My mistake. Thanks for the clarification.


Nice article. Reading about Lidar’s capability when paired with a mobile device makes Google Pixel’s AR sensing seem obsolete overnight.


... the name LIDAR is a play on RADAR, but instead of using dangerous RAdio waves, it uses infrared light. hmmm...


For people downvoting this, this is actually a quote from the article. I'm honestly curious if this was serious, or a joke that went over my head.


I've had a play around with the new ipad. The big problem is (as far as I can see), absolutely no way for a developer to get access to the underlying depth data.

I'm assuming it's coming in the next version of iOS, because you _can_ get access to the faceid depth data in a useful format.


Is it not available through 'AVCaptureDepthDataOutput`? My understanding is that depth data is a separate channel stored in photos.


Maybe I screwed it up, I’m not the best developer ever. I took their sample code to extract the depth data from front camera and this worked - switching to .back caused it to return a nil device, so didn’t really know where to go after that.


Unfortunately for someone like me who’s not enthusiastic about photography at all and takes maybe a dozen photos a year, every time I buy a new iPhone or in this case an iPad Pro I feel like I’m wasting hundreds of bucks on a camera I’m not really gonna take advantage of.

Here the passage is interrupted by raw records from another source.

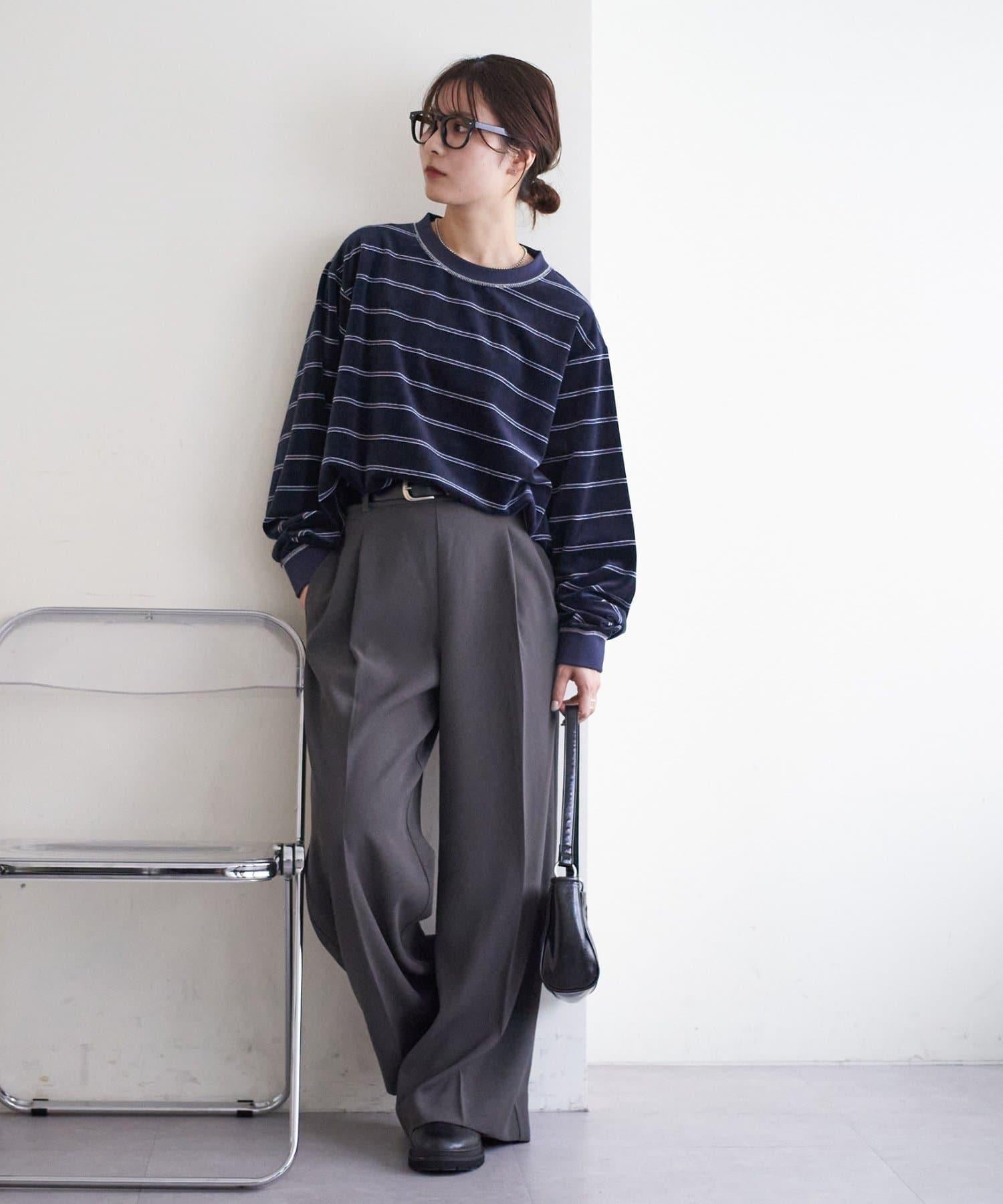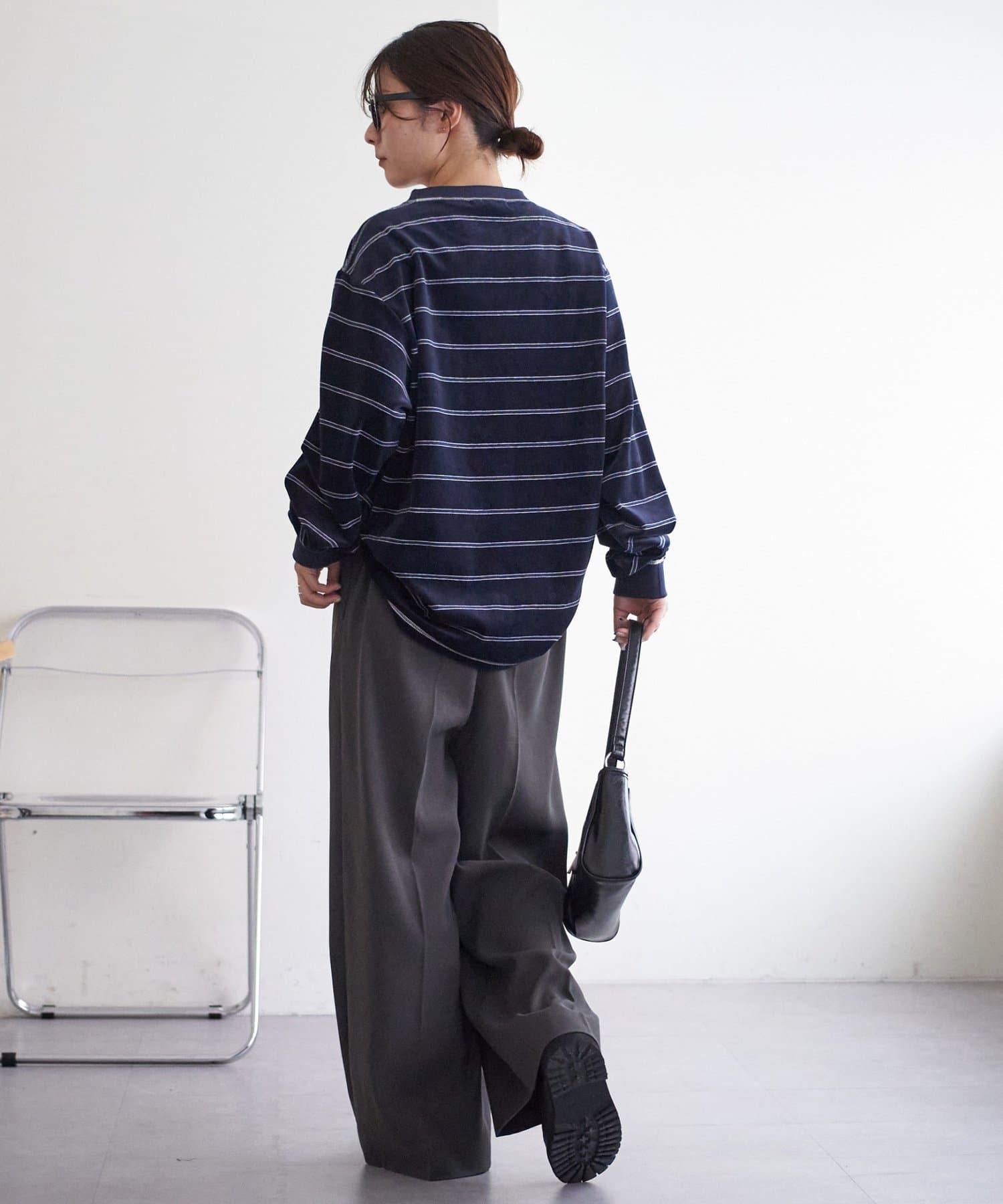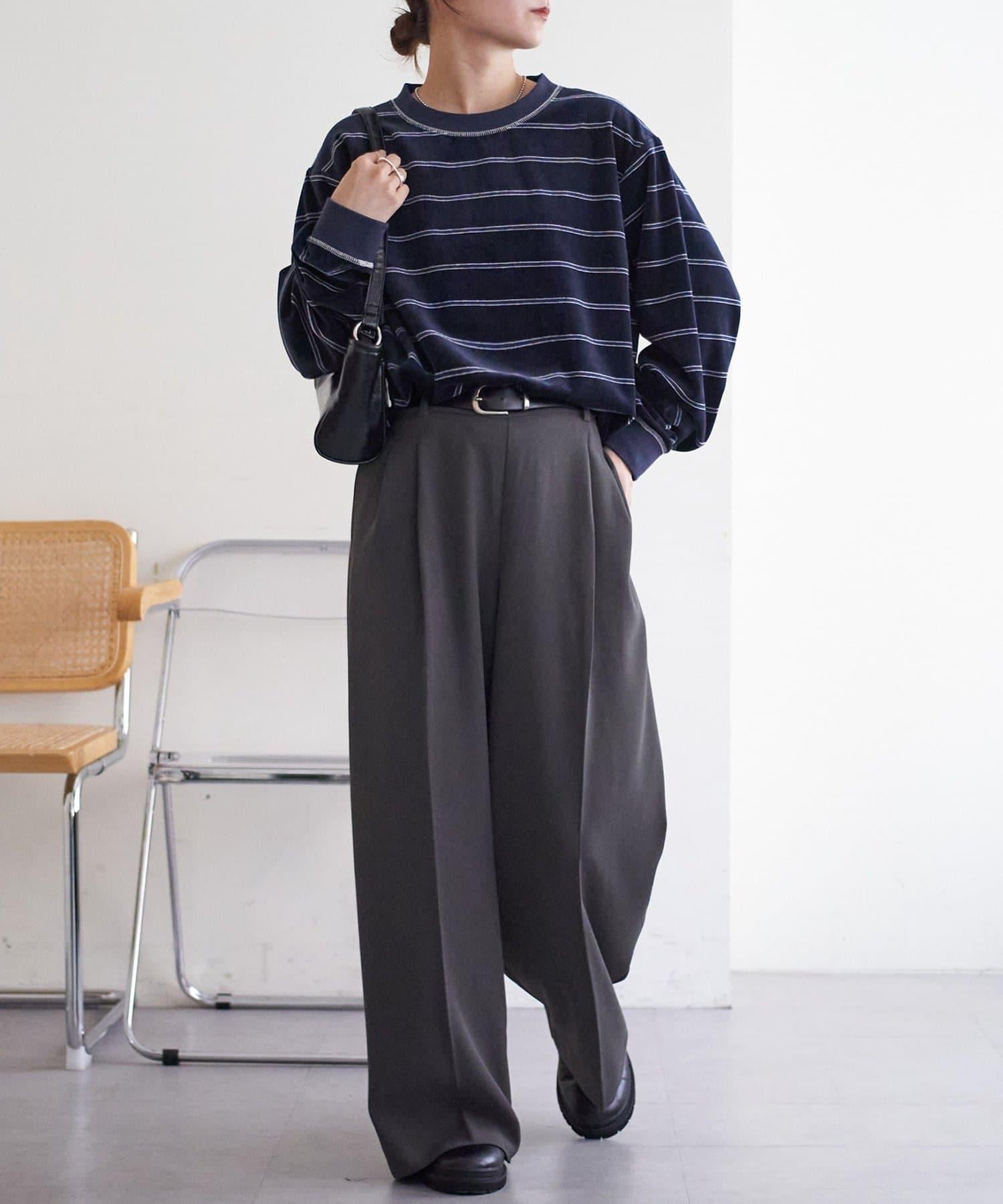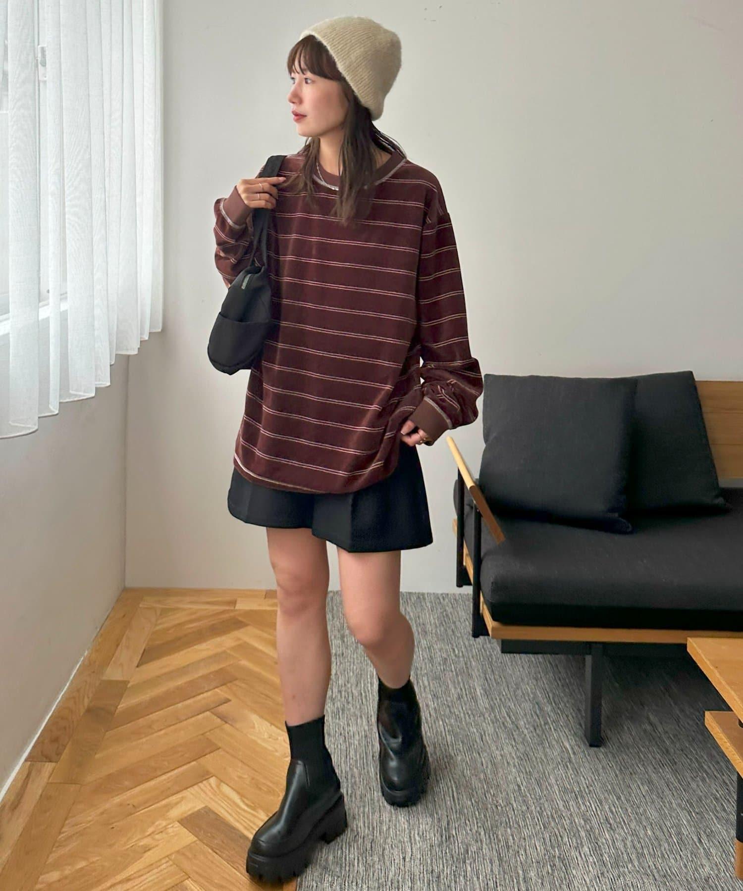 【Discoat】【男女同款】天鵝絨條紋圓領衫
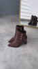 Kanako Kahve Aksesuarlı Fermuarlı Kısa Topuklu Çizme
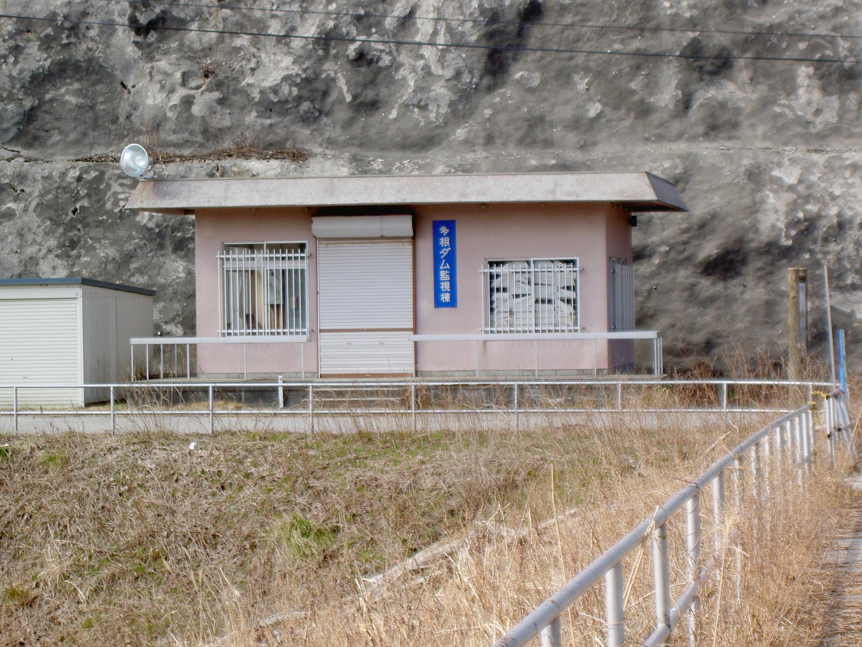 ダム湖には水がありません 多根ダム監視棟は無人です
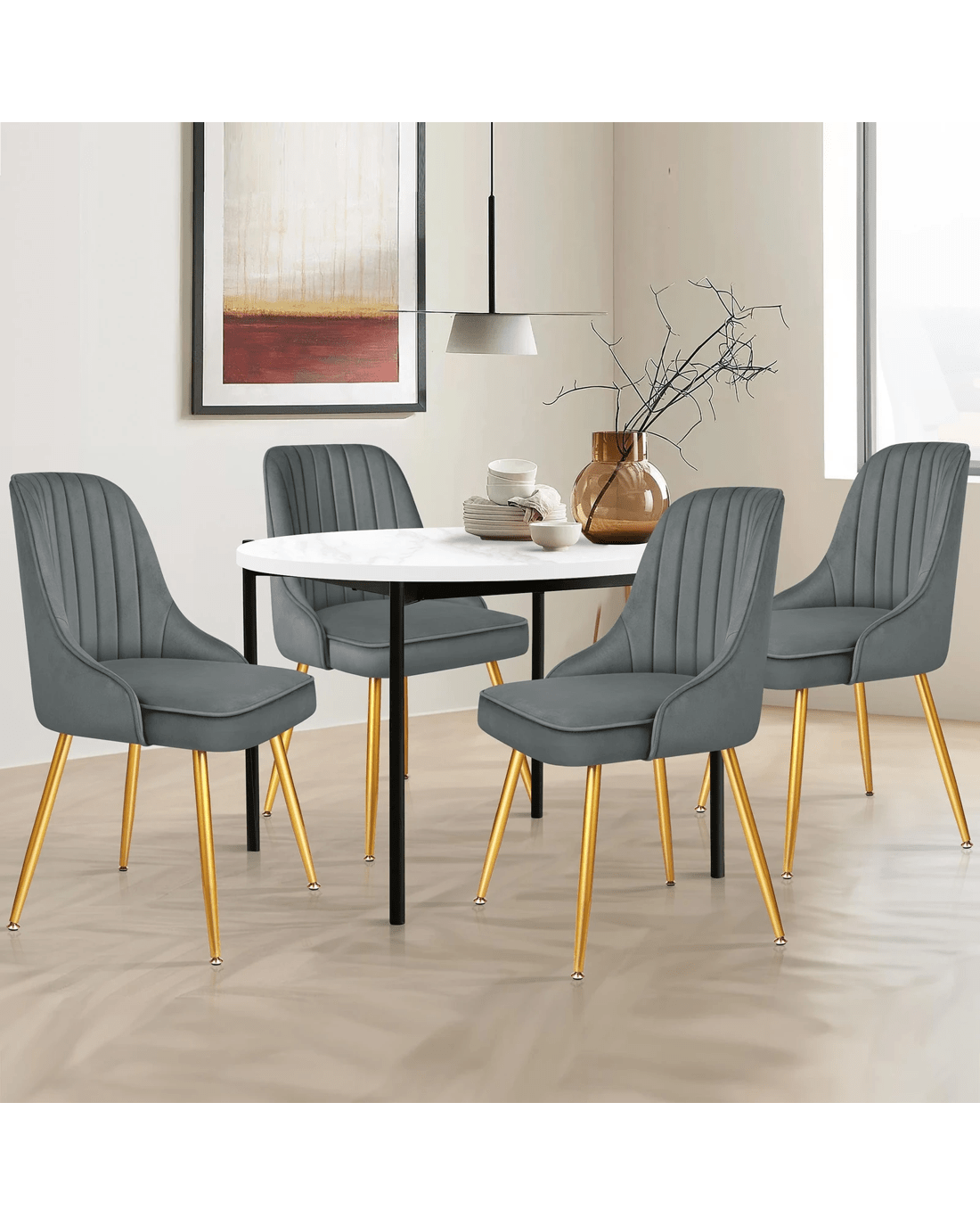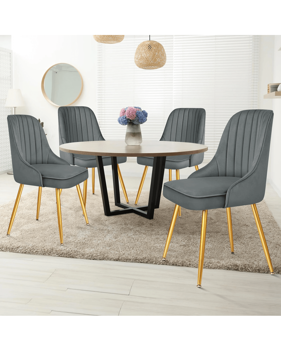 Sold by Aussie Union GroupAlfordson 4x Dining Chairs Kitchen Accent Lounge Padded Tufted Seat Velvet - Grey
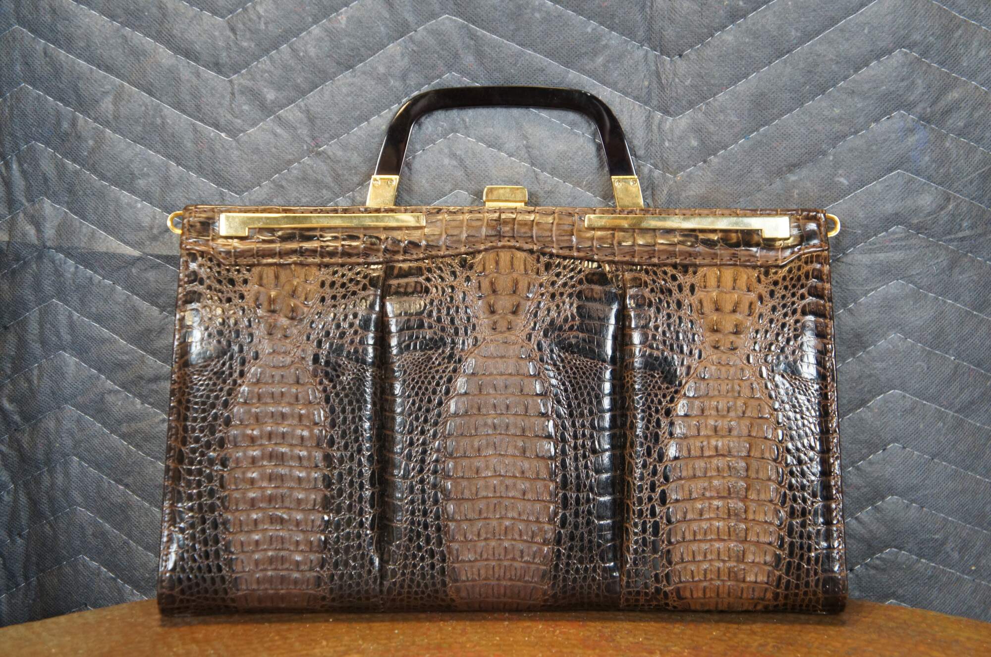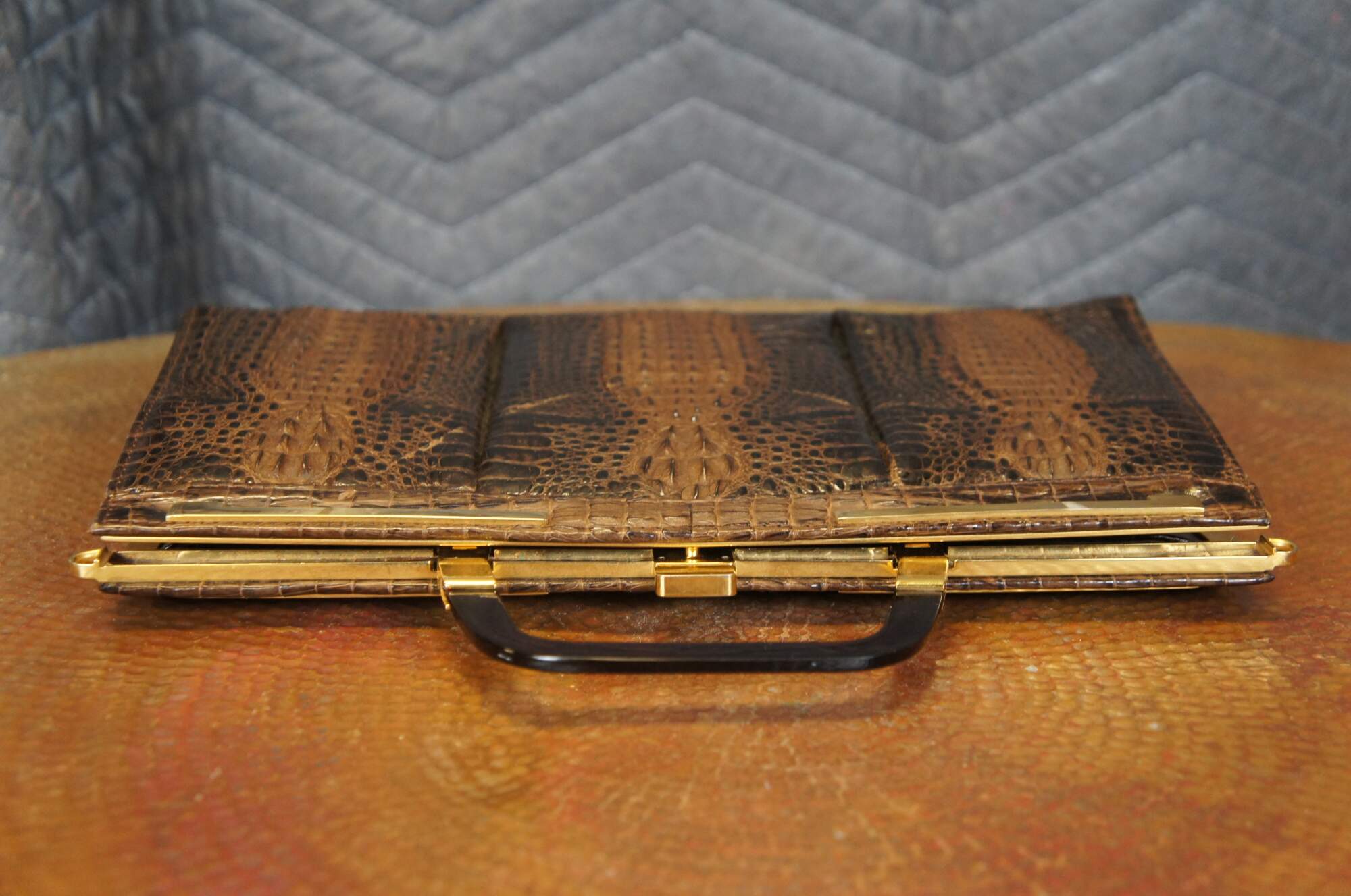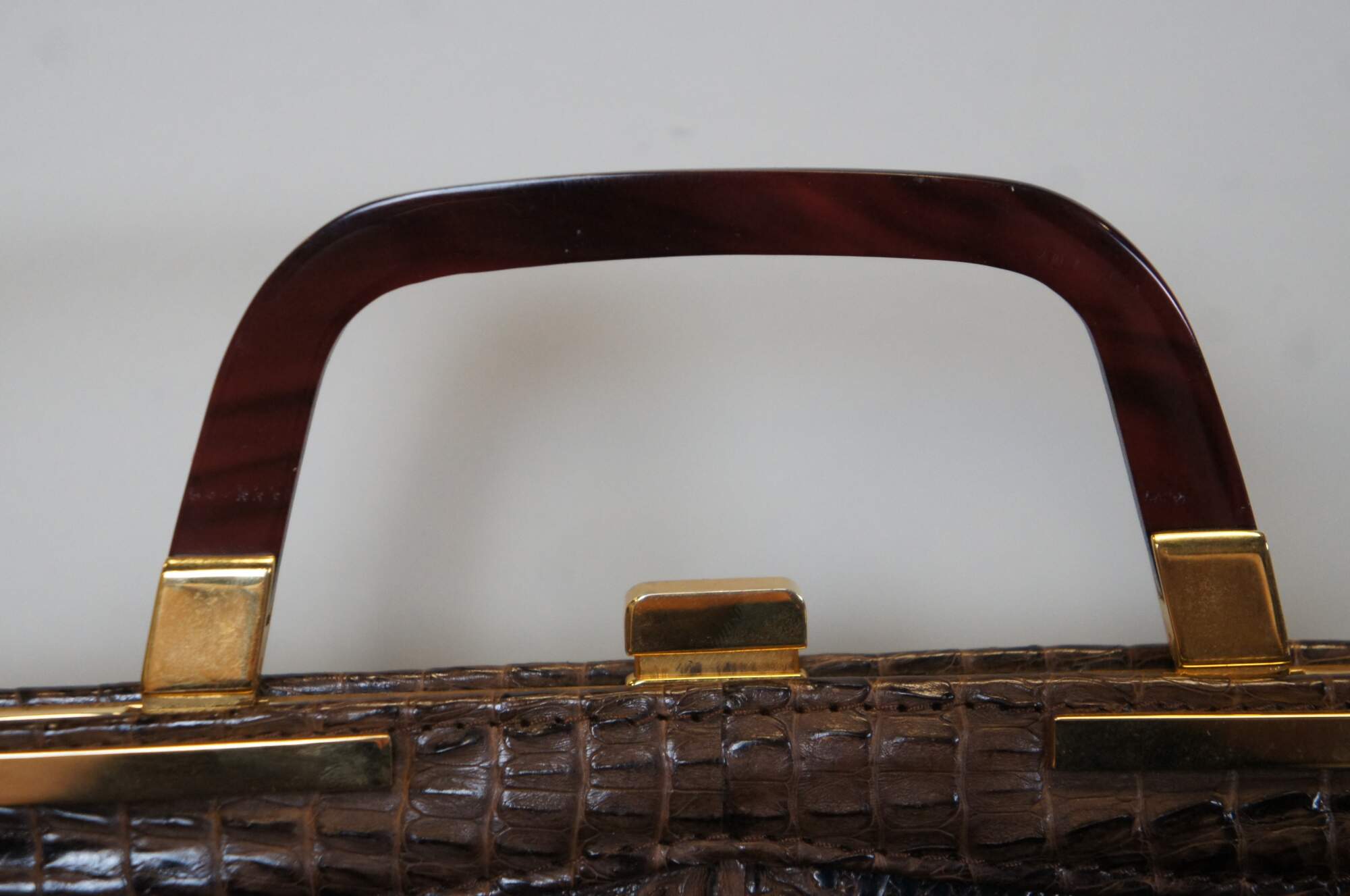 Mid century triple hornback brown alligator / crocodile skin / leather purse / hand bag. Rectangular form; gold tone hardware; single tortoiseshell bakelite / acrylic handle. Snap closure. Two interior compartments divided by zippered pocket; one interior slip pocket. Brown pleather interior. Matching brown pleather coin purse.

If they built a version without cameras for the small subset of people who don’t even want a camera for FaceTime/video conferencing, chances are it would be more expensive than what you paid now. Apple would have to make separate backplanes, boxes, marketing material, etc, would have to create a separate iOS release (they couldn’t ship a camera app with the system, for example, and would have to change the UI that allows picking a photo from either storage or camera.

I guess it also would break many apps. I don’t think there ever was an iOS device without a camera, so nobody is checking for its presence.

For example, your banking app that wants you to take a photo of a QR code for 2FA would break.


There’s a huge chasm between no camera and pouring huge amounts of R&D into shipping a cutting edge camera every year and marketing entirely around that. I’m not sure how you jumped from my post to “a version without cameras”, as I did say I take a nonzero number of photos (mostly utility shots). One hell of a straw man.


They could delete the camera and related sensors and it would not appreciably affect the price of the tablet. The camera is probably something like 5 bucks in quantity, and I doubt the "LIDAR" sensor is particularly expensive either.


Actually that's not true -- some quick searching reveals iPhone cameras cost $30-50, generally about 10% of the total BOM. Which means that for a ~$1,000 tablet, it would be ~$900 if it didn't have cameras.

So it's not doubling it or anything... but it's not nothing.

(On the other hand, the vastly lower-quality webcam cameras built into Macbooks are probably closer to the $5 you're suggesting.)


The iPad cameras in this article are significantly lower-quality than iPhone cameras, other than the LiDAR sensor. So it's definitely cheaper than the larger sensors and optics in new iPhones.


Cost of something isn’t just the parts, you forgot all the R&D, labor, and premium. iPhone 11 and 11 Pro differ by $300 and the better camera is one of the two (?) major selling points; not to mention the iPhone 11 has a pretty good camera too.